INSERCIÓN PARA COMPARAR

Umberto Eco se refiere a la fealdad, y cómo los filósofos han distinguido entre la fealdad en sí misma y la fealdad formal. (Ver con más detalles en otra entrada) 


    En este sentido, algunos filósofos se han preguntado si se puede pronunciar un juicio estético de  fealdad, puesto a que la fealdad provoca reacciones personales.

 (…)  A lo largo de nuestra historia, deberemos distinguir realmente entre la fealdad en sí misma (un excremento, una carroña, un ser en descomposición, un ser cubierto de llagas que despide un olor nauseabundo) y la fealdad formal, como desequilibrio en la relación orgánica entre las partes de un todo.

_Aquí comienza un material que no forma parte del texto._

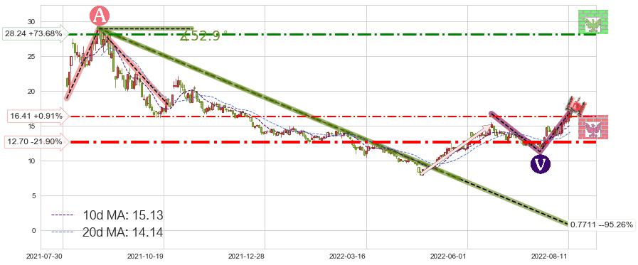♘ 阻力价格位28.24,可信任强度61.95%,距离最后交易2022-08-12形成的收盘价格16.26相差 +73.68%
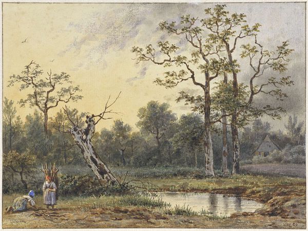 Editor: So, this watercolor piece is called "Landschap met figuren in een roeibootje", which translates to "Landscape with figures in a rowing boat", attributed to Georgius Jacobus Johannes van Os, created sometime between 1792 and 1861. The detail is incredible for the size and medium, it looks almost photographic but softens as you look around the scenery, I wonder, what are your initial observations? Curator: Structurally, the work reveals a fascinating interplay of planes. The artist deploys the water surface as a horizontal anchor, reflecting the surrounding landscape and doubling the visual information presented to the viewer. The density of the foliage on the right side creates a visual weight that's carefully counterbalanced by the lighter, cloud-filled sky. Note how this upper expanse repeats forms from below. Editor: That makes a lot of sense! I hadn't quite thought about the cloud and water as matching forms and planes. Can you elaborate more about the focal point and its relation to its surroundings? Curator: Observe the subtle gradation of tones – how van Os transitions from the dark foreground elements to the muted background hues, creating a sense of depth and atmosphere. Note the reflections are slightly abstracted; it is clear this wasn't merely copied from observation. Instead, the artist constructs an alternate reality through manipulating tonal values and hues in relation to the structural aspects of the work. Do you agree with my analysis? Editor: Yes, definitely. The shift between the precise boat details to the more impressionistic treatment of the surrounding trees becomes even more pronounced with your reading. Thanks so much. Curator: Indeed. Considering the artist and timeframe, thinking in these compositional terms is a valuable means of interpretation. I also find that appreciating a structural approach allows for additional perspectives that enriches understanding beyond iconography and other traditional routes.
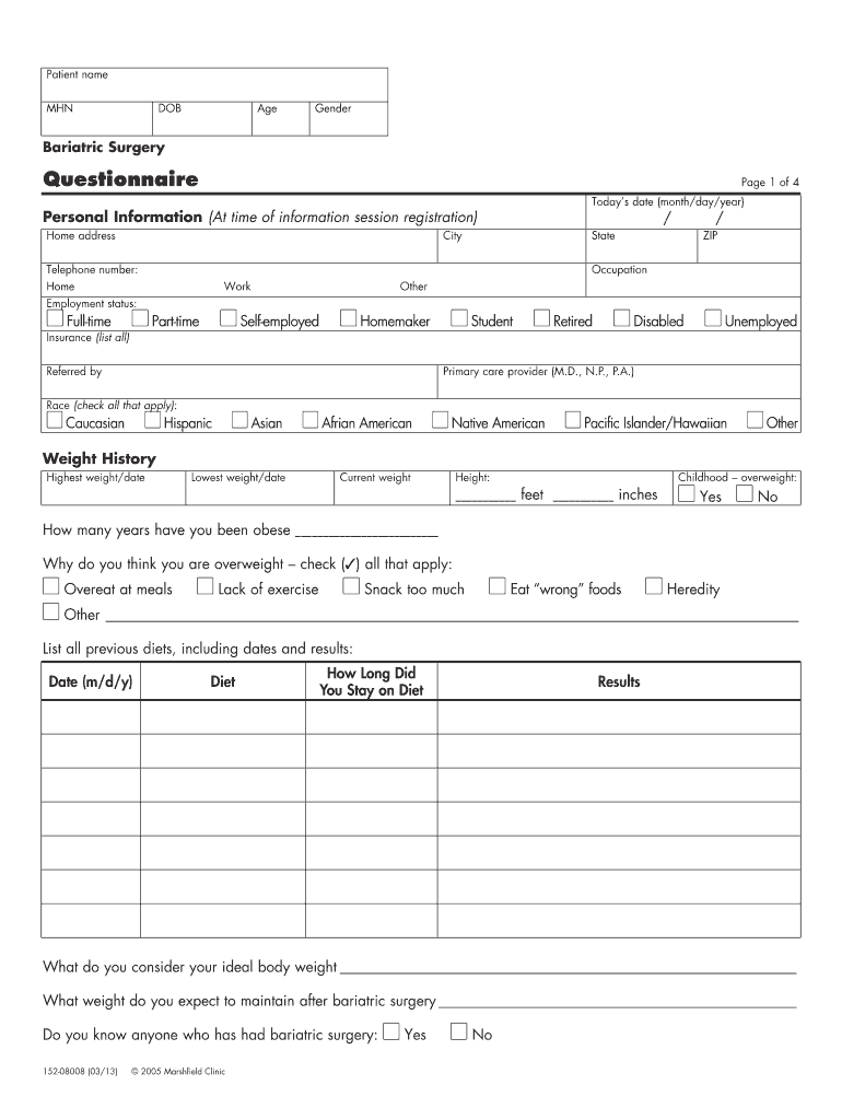 The Bariatric Surgery Questionnaire is a medical consent form used by patients to provide essential health information for evaluating candidacy for bariatric surgery.
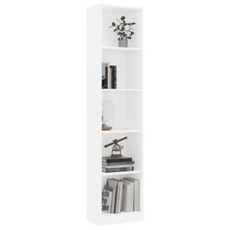 De kast is gemaakt van bewerkt hout waardoor hij stevig en duurzaam is. De boekenkast heeft 5 ruime vakken en biedt voldoende ruimte om tijdschriften, boeken, dvd’s, multimedia-apparaten en decoratieve spullen goed georganiseerd en binnen handbereik te houden. Bovendien is dit meubel zeer veelzijdig omdat het ook een perfecte opbergoplossing is voor in je hal of andere woonruimte.
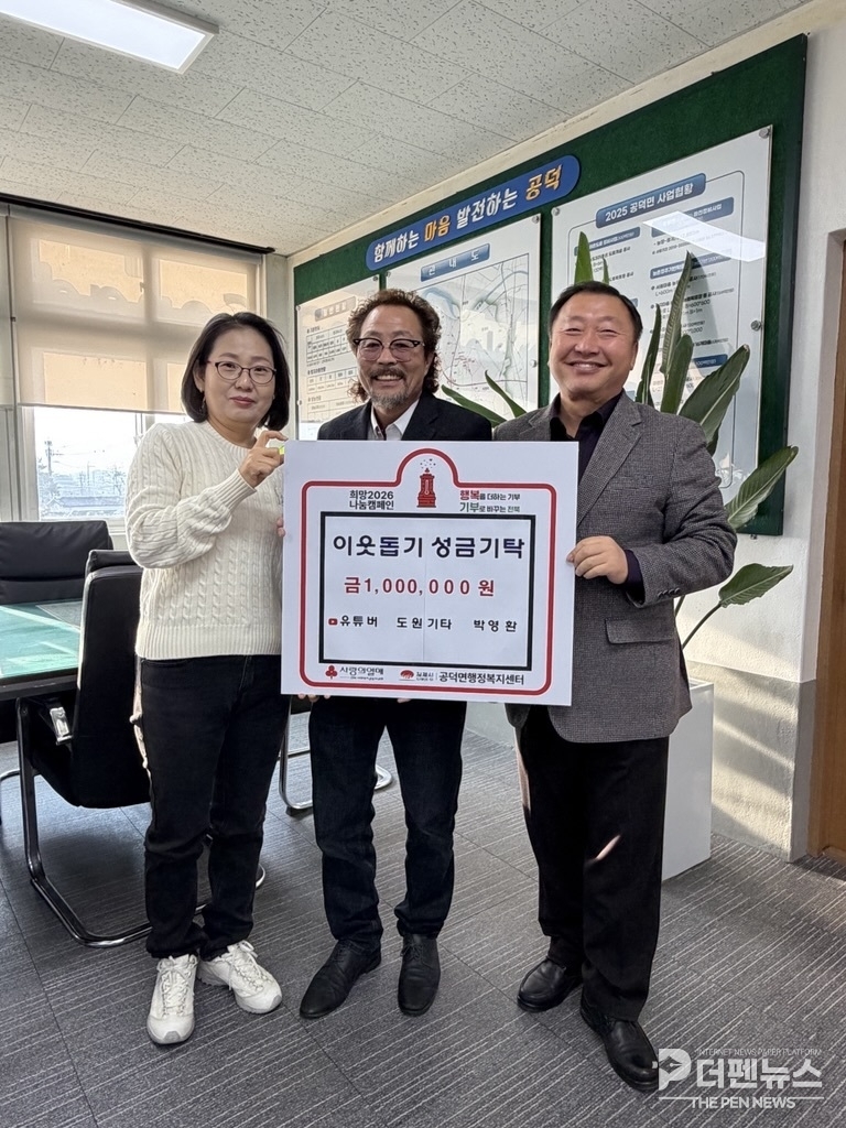 이번 기부는 내년 1월 31일까지 진행되는 범국민 이웃사랑 모금운동 ‘희망2026 나눔캠페인’ 취지에 공감해 이루어진 것으로, 박 씨는 유튜브 활동을 통해 받은 관심과 성원을 지역사회에 되돌려주고자 꾸준히 나눔 활동을 이어오고 있다. 그는 특히 연말·연초 사회적 취약계층의 어려움이 커지는 시기에 실질적인 도움이 되기를 바라는 마음에서 이번 기탁을 결정했다고 설명했다.

¿Cómo se tiene una experiencia? John Dewey

     “La experiencia ocurre continuamente, porque la interacción de la criatura viviente y las condiciones que la rodean está implicada en el proceso mismo de la vida. En condiciones de resistencia y conflicto, determinados aspectos y elementos del yo y del mundo implicados en esta interacción recalifican la experiencia con emociones e ideas, de tal manera que surge la intención consciente. A menudo, sin embargo, sobreviene la experiencia. Las cosas son experimentadas, pero no de manera que articulen una experiencia. La distracción y la dispersión forman parte de nuestras vidas; lo que observamos y lo que pensamos, lo que deseamos y lo que tomamos, no siempre coinciden. Ponemos nuestras manos en el arado y empezamos nuestro trabajo y luego nos detenemos, no porque la experiencia haya llegado al fin para el que fue iniciada, sino a causa de interrupciones extrañas o a una letargia interna. En contraste con tal experiencia, tenemos una experiencia cuando el material experimentado sigue su curso hasta su cumplimiento. Entonces y sólo entonces se distingue esta de otras experiencias, dentro de la corriente general de la experiencia. Una parte del trabajo se termina de un modo satisfactorio; un problema recibe su solución, un juego se ejecuta completamente; una situación, ya sea la de comer, jugar una partida de ajedrez, llevar una conversación, escribir un libro o tomar parte en una campaña política, queda de tal modo rematada que su fin es una consumación, no un cese. Tal experiencia es un todo y lleva con ella su propia cualidad individualizadora y de autosuficiencia. Es una experiencia.  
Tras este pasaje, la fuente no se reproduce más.